View of the main entry bill board of Kerala Folklore Museum, Kochi
A brief description board in Kerala Folklore Museum, Kochi
        
Display of ornaments at Kerala Folklore Museum, Kochi
Display of ornamental animal heads in Kerala Folklore Museum, Kochi

Another display inside the Kerala Folklore Museum, Kochi
Display of ancient swords in the Kerala Folklore Museum, Kochi

Display of ancient shields in the Kerala Folklore Museum, Kochi
Display of ancient texts in the Kerala Folklore Museum, Kochi

Display of ancient musical instruments in the Kerala Folklore Museum, Kochi
Display of ancient Chinese pottery items in the Kerala Folklore Museum, Kochi
Display of gold plated art work in the Kerala Folklore Museum, Kochi

An array of ancient stone sculptures in the Kerala Folklore Museum, Kochi

Having completed our tour of the city, we headed towards the airport area, as I had booked a hotel near the airport to avoid heavy traffic rush, we witnessed first-hand the traffic jams while trying to reach our hotel from main Kochi area.  Although the ‘9 Gems Airport Hotel’ is a small establishment, but it is neat and clean with a dedicated workforce and quite good option for overnight stays.  Kochi now a days, is a bustling city that is also one of the commercial hub of Kerala and there are many industries contributing to the success of this place. Amongst them is the Kochi Refineries located at Ambalamugal which works along with the Bharat Petroleum Corporation Limited (BPCL). This refinery is a major contributor of petrol, diesel, aviation turbine fuel, LPG and many more useful bi-products.
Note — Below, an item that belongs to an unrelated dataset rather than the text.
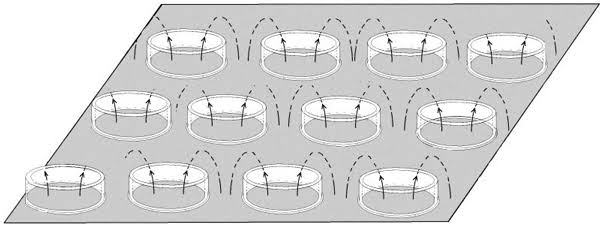 В данном случае, мы рассматриваем кулоновские силы между несколькими диэлектрическими одноименно заряженными элементами: плоским электродом (основанием) и множеством цилиндрических заряженных элементов (трубок). Благодаря тому что силы, действующие на поверхность электрически заряженного диэлектрика, всегда перпендикулярныы поверхности, силы F21, действующие на пластину – основание, сонаправлены и суммируются. В то же время, силы, действующие на каждый цилиндрический элемент F12, с разных сторон, взаимно компенсируются. Эти особенности предлагается использовать для конструирования электрических движителей, создающих активную силу за счет ненулевой векторной суммы кулоновских сил. Современные нанотехнологии позволяют реализовать концепцию, показанную на рис. 76, с помощью диэлектрических элементов малого размера, 100–200 нм. При таких размерах, кулоновские силы будут эффективно действовать на малых расстояниях при небольших напряжениях.
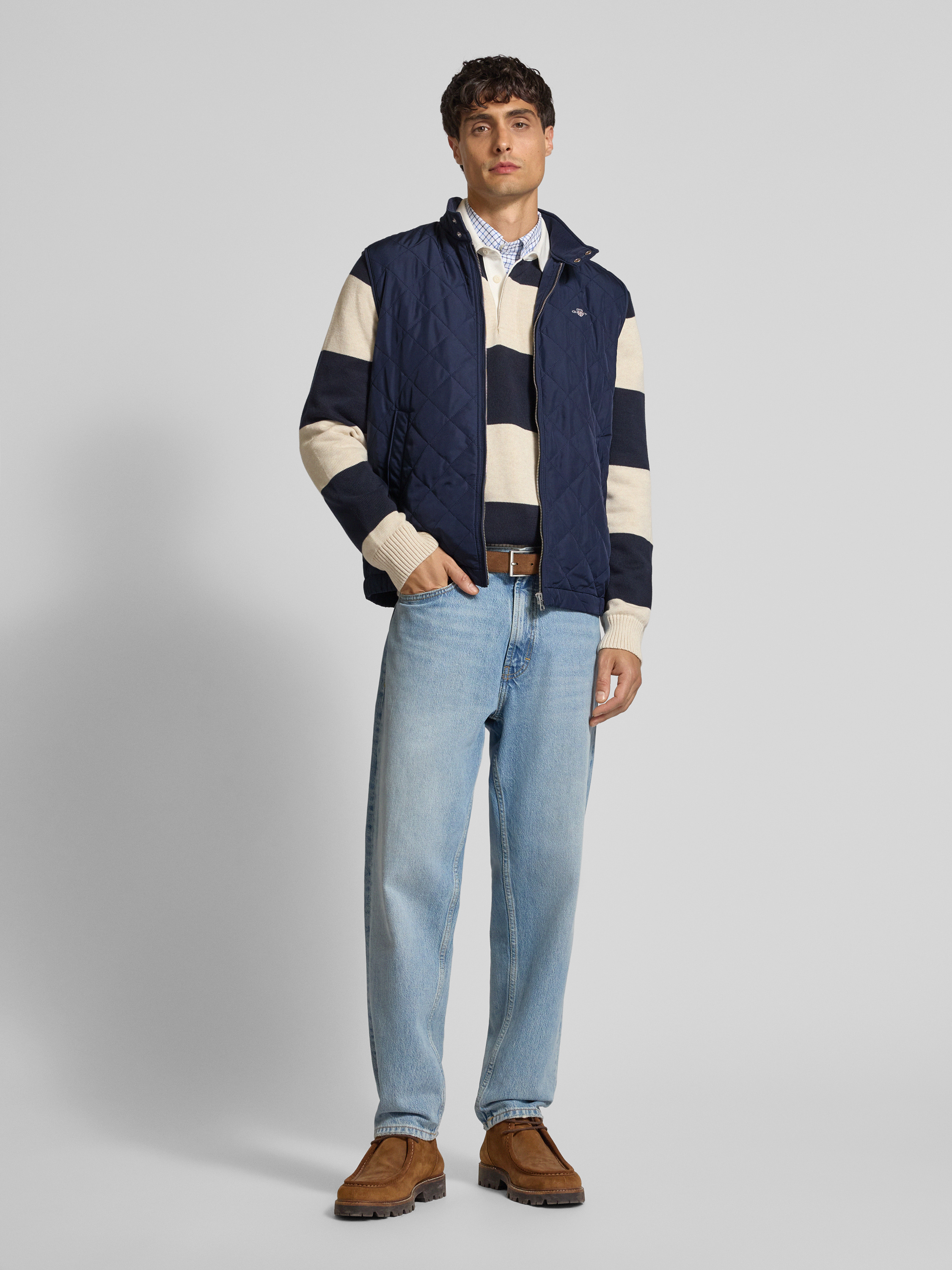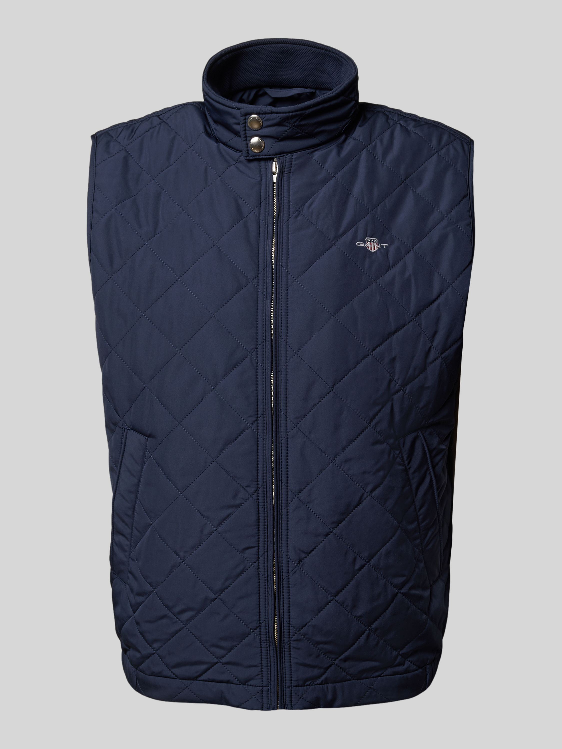 Bodywarmer met opstaande kraag en labelstitching in marineblauw

Eloor is an industrial area of Kochi where you have around 250 industries which are involved in producing retro-chemical products, fertilizer, pesticides and even leather products.  Further, it being sensitive militarily, the South Western Naval Command headquarters are also at Kochi.  Thus, ended our trip to Kerala, but not without a hitch, as the vehicle owner, who had promised to end the trip at Kochi as the last destination, started clamoring for paying him for return journey to Thiruvananthapuram, wherefrom I had booked the vehicle and that too at rates with Air Conditioner, whereas it was not required for driver who was to return the vehicle alone.  These kinds to tricks played on the visitors, which leaves a bad taste for tourists at the end.